Soviet soldier, Moscow Region, 1977. Source: ITAR-TASS

Soviet soldier, Moscow Region, 1977. Source: ITAR-TASS

Following the triumph over Nazi Germany in 1945, the Red Army underwent a symbolic transition toward a more traditional representation of a state army and away from Communist ideology. This image shift began during the war with the reintroduction of epaulettes, a clear echo of old Russian army traditions. More was to follow.

In 1946, fresh from its epic victory over Nazi Germany, the Red Army was renamed the Soviet Army. It was a symbolic step: No longer seen as the muscle of a theoretical future world Communist revolution, the army was now the concrete fighting arm of the full-fledged Soviet state.

In 1945, Soviet generals were decked out in a new dress uniform, with a closed double-breasted jacket in blue-green, a color that was quickly nicknamed "royal" in reference to the jacket’s predecessor in the imperial army.

The cuffs were embroidered in gold and silver, also a clear nod back to tsarist tradition. But a distinctive new feature was the detachable top button, which created more space for the many medals and awards that most Soviet military commanders had accumulated by the end of the war.

The uniform of the lower ranks did not change much after 1945, however, since it had proved ideal in combat and gave no cause for meddling.

Major dress overhauls began only after the death of Joseph Stalin in 1953, and was initiated by Marshal Georgy Zhukov, the new defense minister. Again, it was the senior ranks who were most affected.

The traditional high closed-collared tunic was dropped in favor of an open cut. Under the jacket officers now wore a tie on a white shirt with collars embroidered with gold and silver laurel and oak leaves. The tie knot bore a metal star with insignia denoting high military rank.

Officers were issued gold thread belts and ceremonial daggers, and their caps grew in size, with a larger flat crown and prominent metal badge with a red star set in golden ears of corn. The design remained unchanged to the last days of the Soviet armed forces and the emergence of new symbols of the modern Russian army.

Recruits, 1967. Source: Dubinskiy / RIA Novosti

 The field and casual officer’s uniform stayed much the same, with an improved version of the long-cut jacket.

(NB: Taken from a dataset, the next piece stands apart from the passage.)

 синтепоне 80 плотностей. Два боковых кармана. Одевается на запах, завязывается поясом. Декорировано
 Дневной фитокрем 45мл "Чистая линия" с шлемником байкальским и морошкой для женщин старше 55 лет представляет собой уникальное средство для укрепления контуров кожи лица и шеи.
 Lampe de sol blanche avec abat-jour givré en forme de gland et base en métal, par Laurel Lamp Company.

This item had the advantage that it could be worn for shooting in hot weather with just a shirt and khaki tie underneath. After the war, officers were more inclined to return to pre-revolutionary traditions featuring gold-embroidered uniform elements, which looked elegant and emphasized the officer's dignity. Then came the armed intervention in Hungary in 1956, when buttons and epaulettes reverted to khaki once again, for the same reason as on the previous occasion in WWII: The distant glimmers of gold trimming made fruitful targets for enemy snipers.

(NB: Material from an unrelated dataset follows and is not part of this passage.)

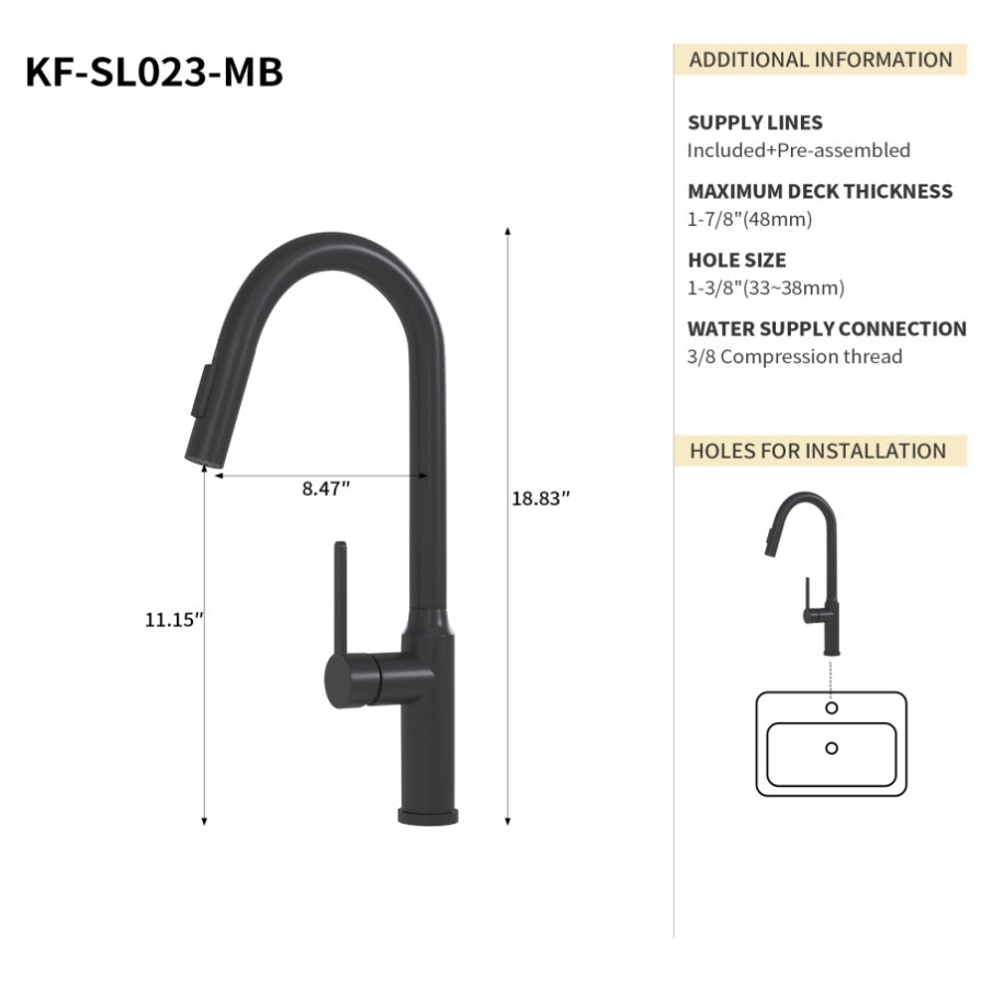 Spout Type: Pull-Down SpraySpout Reach: 8.47", Spout Height: 11.15"Durable and High-Quality Materials: Constructed with a brass and SS304 stainless steel body, a zinc alloy handle, and an SS304 spout, this pull-down kitchen faucet ensures durability and long-lasting performance.Convenient Pull-Out Design: Features an ABS pull-out head for flexible and efficient use,...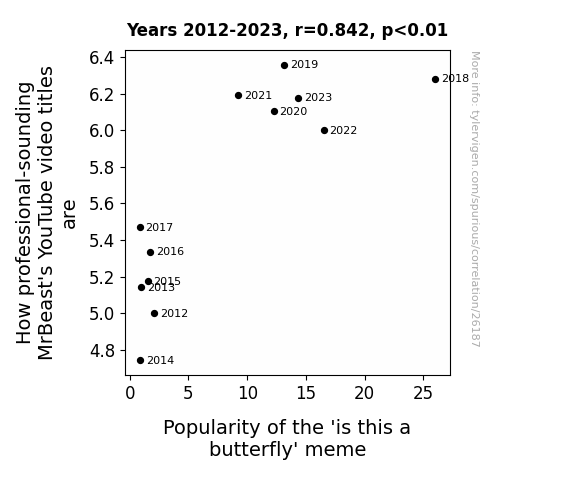 This means 70.9% of the change in the one variable (i.e., Popularity of the 'is this a butterfly' meme) is predictable based on the change in the other (i.e., How professional-sounding MrBeast's YouTube video titles are) over the 12 years from 2012 through 2023.

Overall, the Soviet soldier still looked the same as he did in World War II, until the last major overhaul in 1969, when the soldier's shirt was finally retired, having served well since tsarist times.

Its prohibitive deficiency in modern warfare, however, was that it had to be put on and removed over the head, which created health hazards in conditions of possible radioactive contamination. Troops started cutting their shirts down the center and they quickly turned to rags. Out went the shirt and in came the jacket blouse with buttons. But the forage cap, a constant symbol of the Red Army during the Second World War, was retained, as were the standard issue tarpaulin boots.

The Karpaty military drills, 1977. Source: ITAR-TASS

 The uniform was made from cotton or wool blend fabrics, which suited the climatic conditions in the Soviet Union. A special lightweight uniform was developed for troops serving in the hot regions of Central Asia, including the distinctive rimmed panama hat instead of a cap, and shoes instead of boots.

In 1969, airborne infantry units got the first telnyashka light cotton top with its distinctive horizontal blue and white stripes. Worn under a short jacket and with pants tucked into ankle boots, and with a beret, this outfit survived the demise of the Soviet Army and is worn largely unchanged by soldiers in the modern Russian Army.